Part One (when they meet) is a guitar driven, hard rocking and bluesy, swaggering and swayful song. Part Two (the marriage) is more piano and string based, a much softer emotional ballad style. Part Three (the death of Evie in childbirth) is more of a disco-rock style, being quicker, relatively urgent and guitar driven track with a strong vocal.

In January 2018, as part of Triple M's "Ozzest 100", the 'most Australian' songs of all time, "Evie" was ranked number 17.

==Background==
In 1973, Vanda & Young returned to Australia from the UK. Stevie Wright had found life difficult since the Easybeats disbanded and had developed a heroin addiction.

"Stevie was still a great performer, still a great singer," George Young says. "So Harry and I got to work to see if we could come up with something that could put him back in the charts."

Vanda and Young signed Stevie Wright and began working on the Hard Road album together.

The song features Malcolm Young of AC/DC on guitar. Young plays the guitar solo in Part One, while the solo in Part Three is played by Harry Vanda.

==Reception==
The song was released in April 1974. The single version was divided across the A and B sides and peaked nationally during July. It remained in the charts for 26 weeks, the biggest Australian single of the year and the only pop song over six minutes to reach No 1. In 2025, the song ranked 96 on the Triple J Hottest 100 of Australian Songs.

===Performances===
In June 1974, Stevie Wright performed the song at Sydney Opera House in front of 2,500 people, with over 10,000 having been turned away. For this performance Wright's band included Harry Vanda, George Young and Malcolm Young. This was the first time that Wright, Vanda and George Young had appeared together after the breakup of the Easybeats five years previously.

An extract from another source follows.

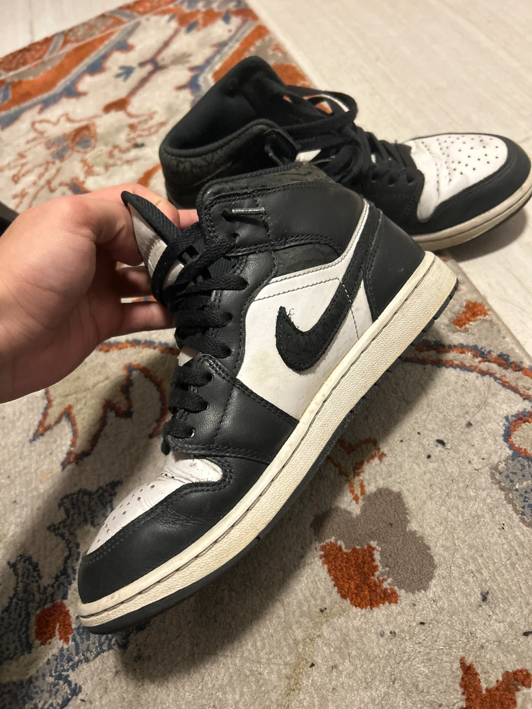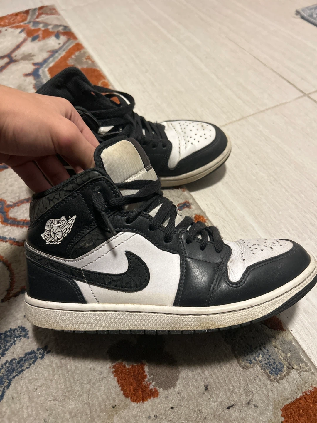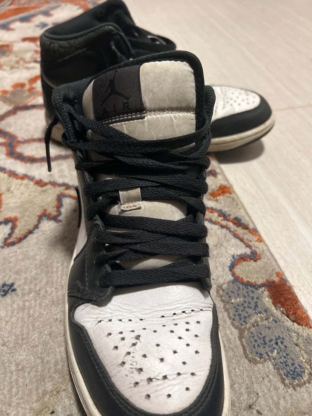 Selling a pair of Nike Air Jordan 1 Mid sneakers in black and white! They're in used condition, as you can see in the pictures, but still have plenty of life left. Perfect for everyday wear or hitting the court
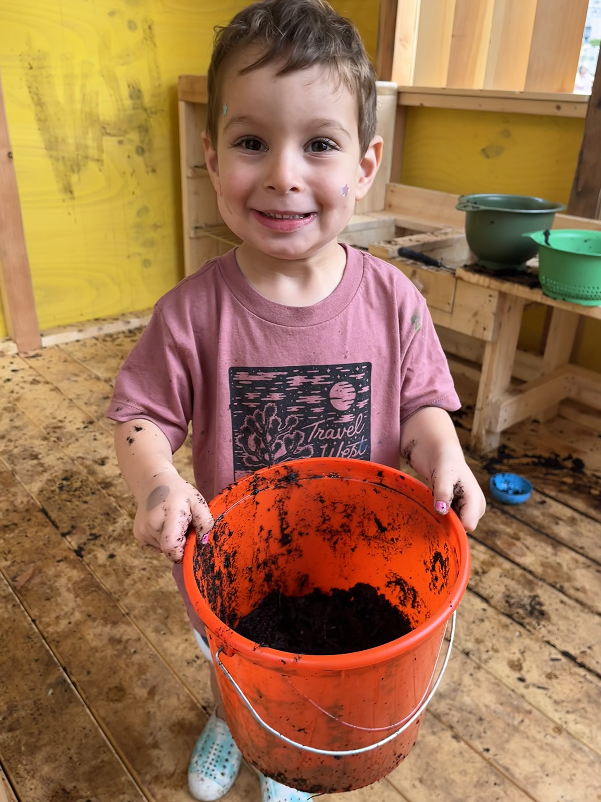A few activity highlights include making mud pies by mixing together soil and water and pouring the mud into pie tins and cupcake molds. During “paint day,” visitors were able to put on an apron, grab some paint, and use the walls of the Curiosity Kitchen as their canvas. One day, staff members hid gemstones under layers of dirt and provided scoops and shovels for kids to mine for treasure. There was also a beach theme where the entire kitchen was covered in sand, seashells, and seaweed. The staff members working in the kitchen often heard the phrase, “This is the best thing ever!” from the children playing in the Kitchen. Over the nine weeks that Curiosity Kitchen was open, over 6,800 adults and children visited to play, making it a memorable summer program at the Museum for both visitors and staff.

On 4 November 1979, Wright took part in the "Concert of the Decade". He performed the song on the steps of the Opera House in front of 100,000 people.

Wright also performed the song during the 2002 Long Way to the Top tour.

==Personnel==
- Stevie Wright – vocals
- George Young – bass
- Harry Vanda – lead guitar
- Malcolm Young – rhythm guitar
- John Proud – drums
- Tony Currenti – drums (part 3 only)
- Warren Morgan – piano, Hammond organ
- Richard Dakin – piano
- Paul Bagshaw – strings

==Charts==
===Weekly charts===

Weekly chart performance for "Evie"
| Chart (1974) | Peak position |
|---|---|
| Australia (Kent Music Report) | 1 |

===Year-end charts===

Year-end chart performance for "Evie"
| Chart (1974) | Position |
|---|---|
| Australia (Kent Music Report) | 3 |

==The Wrights version==

Australian supergroup the Wrights recorded a cover version of the song and released it as a single on 28 February 2005. It debuted at its peak of number two on the Australian ARIA Singles Chart in March 2005 and spent 14 weeks in the top 50. It was certified gold by the ARIA and was Australia's 47th-most-successful song of 2005.

===Track listing===
CD single
1. "Evie (Part I (Let Your Hair Hang Down))" – 3:48
2. "Evie (Part II (Evie))" – 3:27
3. "Evie (Part III (I'm Losing You))" – 4:03

===Charts===

Weekly chart performance for "Evie" by the Wrights
| Chart (2005) | Peak position |
|---|---|
| Australia (ARIA) | 2 |

Year-end chart performance for "Evie" by the Wrights
| Chart (2005) | Position |
|---|---|
| Australia (ARIA) | 47 |

===Certifications===

Certifications for "Evie" by the Wrights
| Region | Certification | Certified units/sales |
| Australia (ARIA) | Gold | 35,000^{^} |
^{^} Shipments figures based on certification alone.

==Other cover version==
Suzi Quatro recorded a cover version of part one that appeared on the European version of her album If You Knew Suzi... in 1978.